Летиция вернёт их. Не в воспоминаниях, не в голосах в подсознании. На землю, в жизнь. Он стер их, вырвал, пытался убедить, что их никогда не было — как вырывали страницы, надеясь, что книга забудет свою суть.
Но он не победит. Никогда.
И всё же, её сердце ныло. Потому что, когда она подумала о Константино, — о его голосе, его взгляде, его руках, которыми он ломал и обнимал — в груди что-то потянуло. Щемящая, невыносимая тоска по тому, кто тоже любил. Не так, не правильно, но любил. Страшно, жадно и точно. И всё же — любил. Другие бы сочли её безумной, но Летиция была сиреной, а их любовь нередка была звериной, иссушающей и разрывающей.
Она видела это в его пальцах, когда он касался её шеи, в том, как он шептал её имя не во сне, а в тишине после битвы. Но в его любви не было пространства, только обладание. Только форма, в которую он хотел её влить, как металл в литейную матрицу.
Он хотел удержать её и сломал. Он хотел подарить ей мир и украл её суть.
Но любовь… не стирается, даже если ты больше не прощаешь. Летиция могла раздражаться, могла мучиться, но не могла избежать правды. Но сейчас она закрыла глаза, медленно вдохнула, и впервые за долгое время не сбежала от этой боли. Просто признала: она есть.
И всё равно — она не позволит ему быть последним, кто назвал её по имени.
Летиция надвинула капюшон на лицо ниже, а крылья прижала плотнее. Пернатый тонкий хвост, выдающий природу, спрятан под тканью. Она думала выдрать перья, чтобы слиться с варанарами, но так и не решилась. Может, от тоски её перья бы постепенно истончились, как и белесые волосы на затылке? Сирены гордились своими перьями, и рвать их собственноручно было слишком больно даже ей. Шагала она чуть неторопливо, припадая на правую лапу, будто она просто странница-торговка или сборщица трав, зашедшая в сельский Кайр-Ольхан. Город не спал: ярмарочные дни всегда поднимали его из полудремоты, и Летиция неожиданно ощутила, что знала этот шум — будто бы ступала здесь уже прежде, когда дороги были иными, а тени длиннее. В этих краях жили варанары-кочевники и драконы: их кланы держали обычный, но огромный скот — тяжёлых быков с широкими лбами, резвых степных лошадей, овец, которые давали шерсть и мясо. И когда начинались миграции пастбищ, города пустели настолько, что казались брошенными — лишь ветер оставался хранителем улиц. Но сейчас зрел сезон ярмарок, и словно вся степь сошла сюда: варанарские караваны тянулись на западную площадь, драконьи накидки развевались на крышах, а у рек, ближе к влажным берегам, селились морруны.
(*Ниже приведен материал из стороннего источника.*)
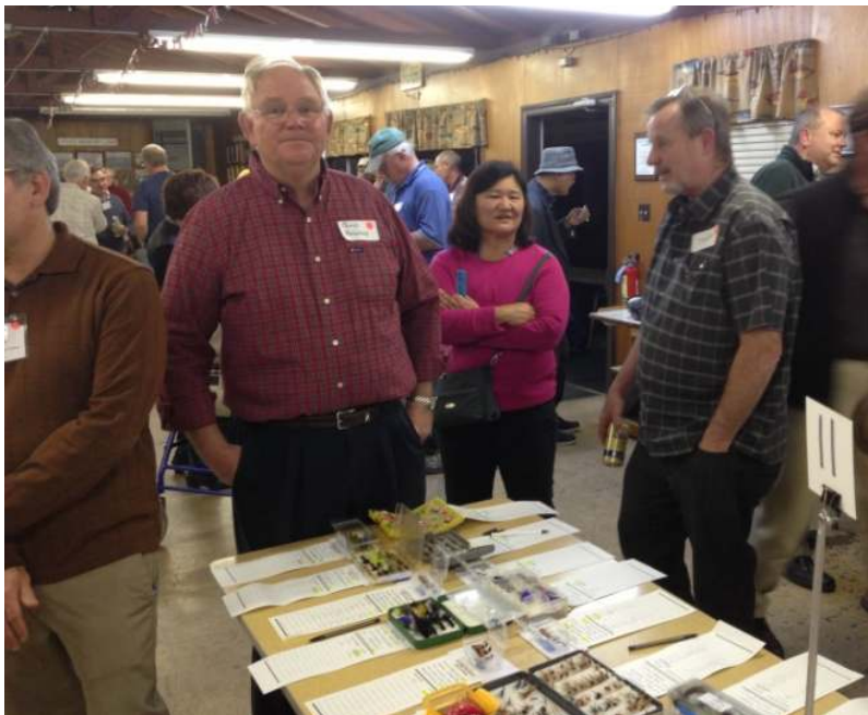
Checking out Flies, 2014 Auction

Летиция помнила — или думала, что помнит — как здесь пахло раньше: горячей глиной, копчёным мясом, рыночным медом, пылью, поднятой тысячами лап. Она помнила, что кочевники выбирали самый простой скот, не священный, не редкий — потому что степь любила выносливых, а не красивых; и их стада были такими же стойкими, как и сами хозяева. Когда-то она ехала через эти же улицы вместе с Кайрасом верхом: память вспыхнула остро — солнечный свет на его рогах, шелест его дыхания, тень его крыла, падающая ей на шею. Тогда город был пуст, тих, двери закрыты, и только редкие драконы высились за крышами, сонные и выжидающие. А теперь всё вокруг кипело: идущие гурты[2], звон колокольцев на шеях у быков, драконьи голоса на базарных перекрестках, смешанные с речными песнями моррунов.
Она шла между лавок и смотрела по сторонам, и её собственная память то скользила, то кололась — как будто Чёрное Солнце прожгло её душу не ровным кругом, а сеткой трещин, и сквозь эти трещины теперь просачивались огрызки света о былых временах. Из прошлого всплыл образ, как Кайрас остановился у этих же ворот, пробормотав что-то тихое о «городах, которые помнят шаги». Она не понимала смысла, но помнила его тёплый взгляд и то, как степной ветер зацепил кончик его роговой цепочки.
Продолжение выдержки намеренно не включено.